Все это время, вплоть до момента потери моего сознания, жила не я. Жила Мама. Жила моя перед ней вина.

И теперь я ясно это осознала.

- Прости меня. - произнес он, останавливаясь и отстраняясь.

Я вздрогнула, моментально возвращаясь в темноту его обиталища. Подняла на него глаза, почувствовав, как что-то теплое и влажное крадется щеке. А затем поняла, что плачу.

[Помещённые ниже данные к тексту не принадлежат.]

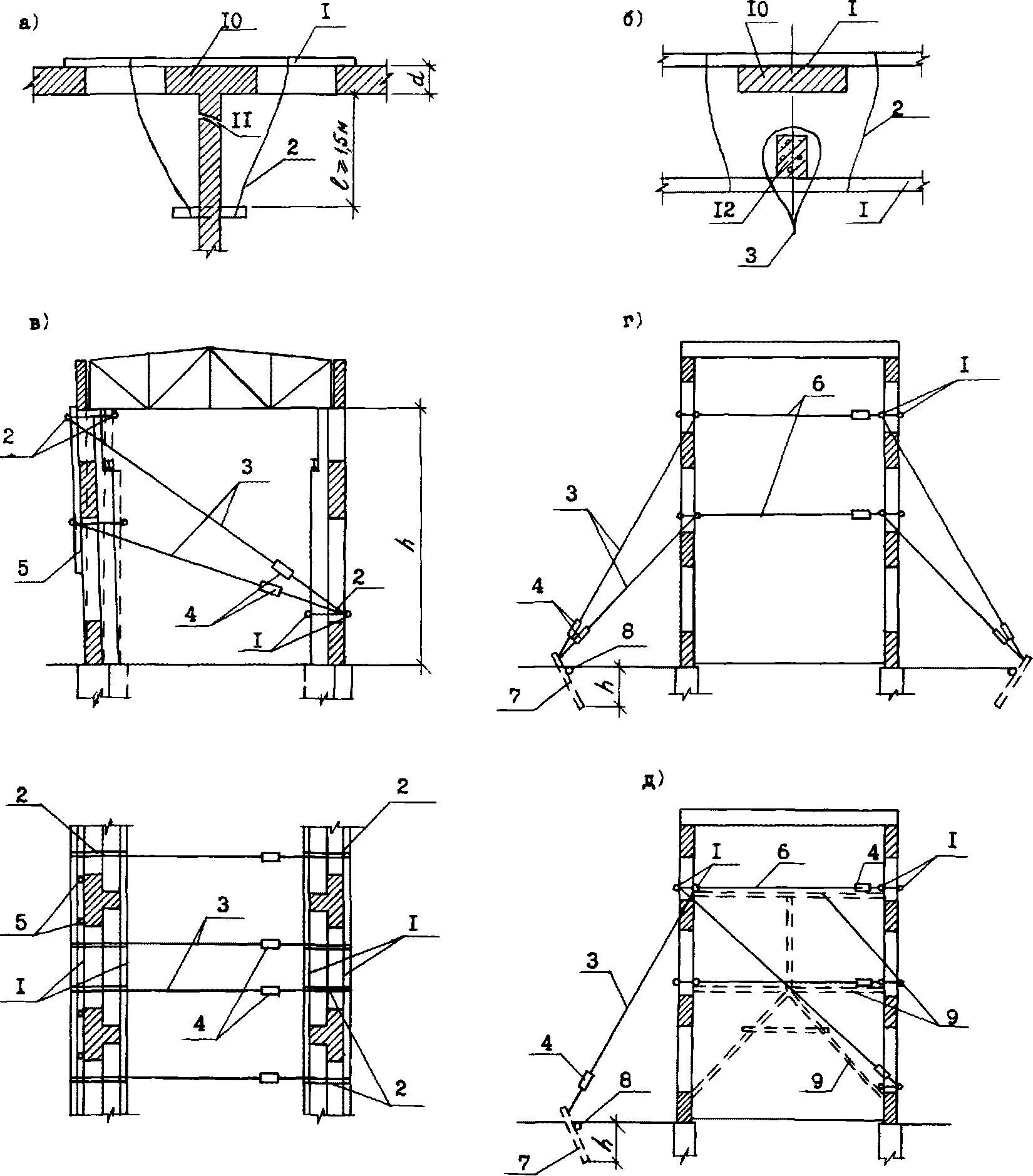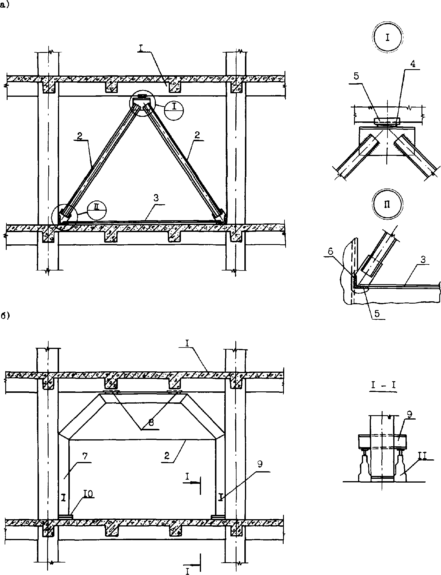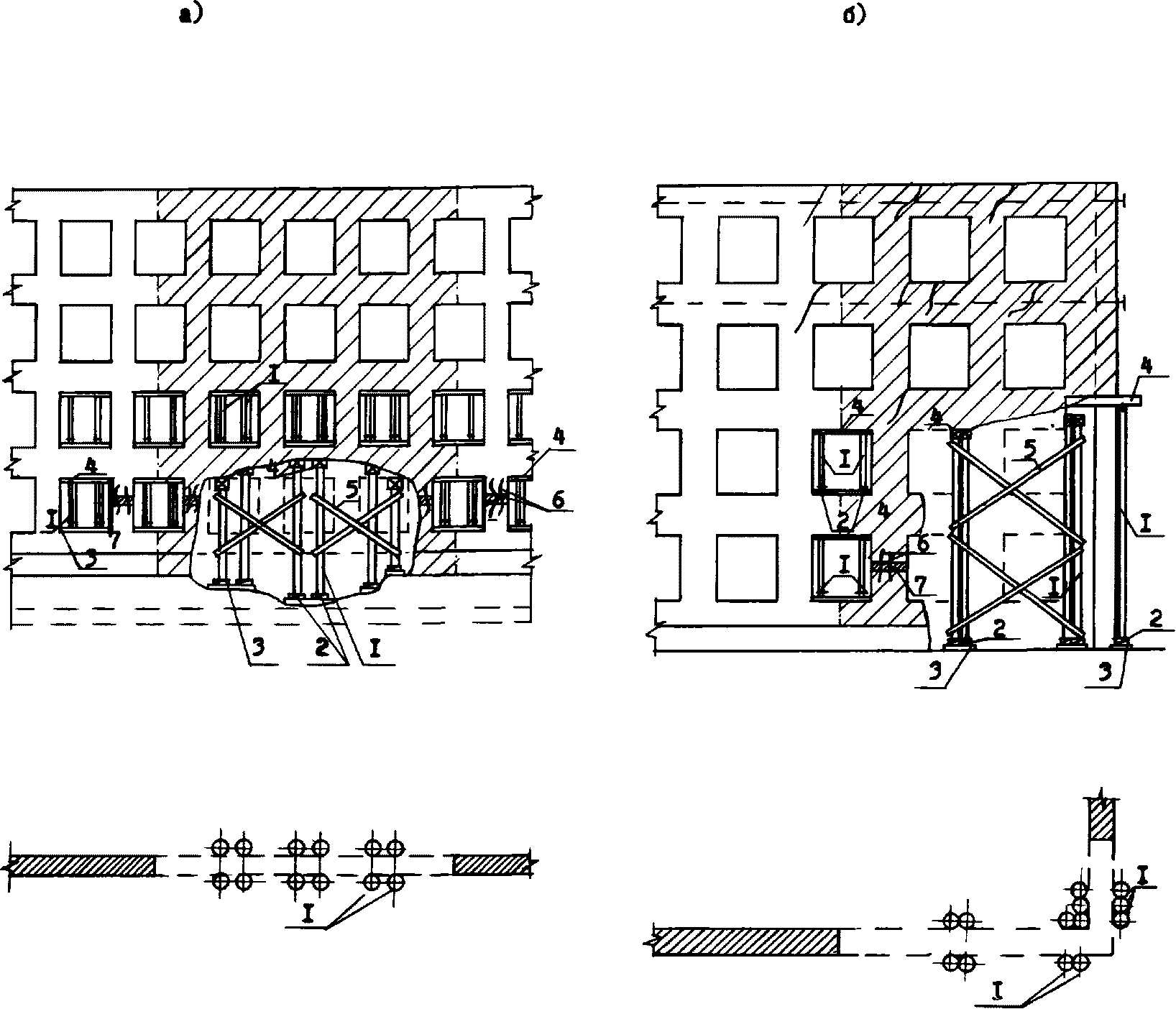 - подкосными системами (порталами) при одновременном разгружении подкосами колонн;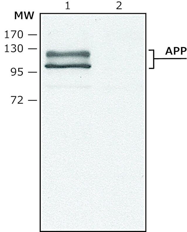 免疫原序列与大鼠和小鼠APP695 以及APP同种型APP751 和APP770相同。该抗体可识别APP695、APP751 和 APP770。
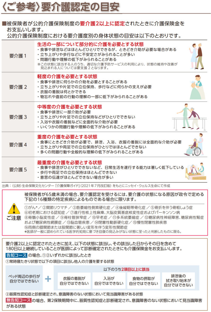 ・被保険者が公的介護保険制度による要介護認定を受け、要介護2以上に認定されたとき。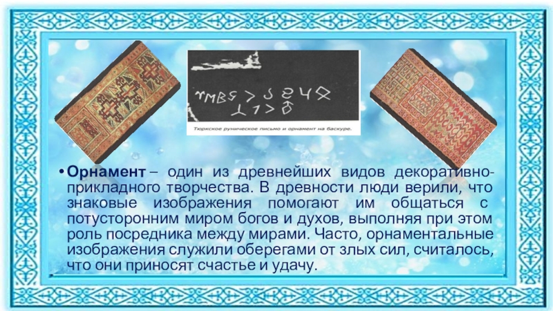 Слайд 7Орнамент – один из древнейших видов декоративно-прикладного творчества. В древности люди верили,

- Ты хочешь вернуться, - не вопрос, утверждение. И говорил он не столько мне, сколько себе самому. Рассматривая меня каким-то новым, тоскливым взглядом, усмехнувшись, он, напоследок легонько проведя пальцами по моей талии, прежде чем убрать руку, сказал:

- Можешь идти.

Я не удивилась, услышав эти слова. Странно, но я знала, что рано или поздно услышу их.

Он ждал. Не торопил меня, но и не задерживал. Продолжал смотреть, как я удивленно роняю на пол слезы, даже не утирая их. Я ведь... я ведь в первый раз плакала по маме. Первый раз с того самого дня. Даже на похоронах не плакала. Не обнимала в ответ убитого горем отца. Я оставалась бесчувственной до самого конца, до этого самого момента.

- Я люблю тебя. - Шепот слетел с моих губ неожиданно для меня самой.

Он, как громом пораженный, молчал, продолжая рассматривать меня. Теперь я ждала.

Наконец, обретя дар речи, он тихим голосом спросил:

- Ты понимаешь, что ты сейчас делаешь?

- Да. Я люблю тебя. - В доказательство своим словам, я подняла на него уверенный взгляд. Глаза щипало, наверняка они опухли и раскраснелись. Сердце громко стучало в грудь, чувства, как горькие, так и нежные, вихрем крутились в сознании.

Мне нужна она. Нужна так же, как и ему. Нам нужна эта любовь.

- Не искушай меня, - через силу произнес он, делая шаг назад, но вновь останавливаясь, когда я шагнула следом за ним.

- Я люблю тебя. - Казалось, эти слова приросли к моему языку и только их я могла говорить.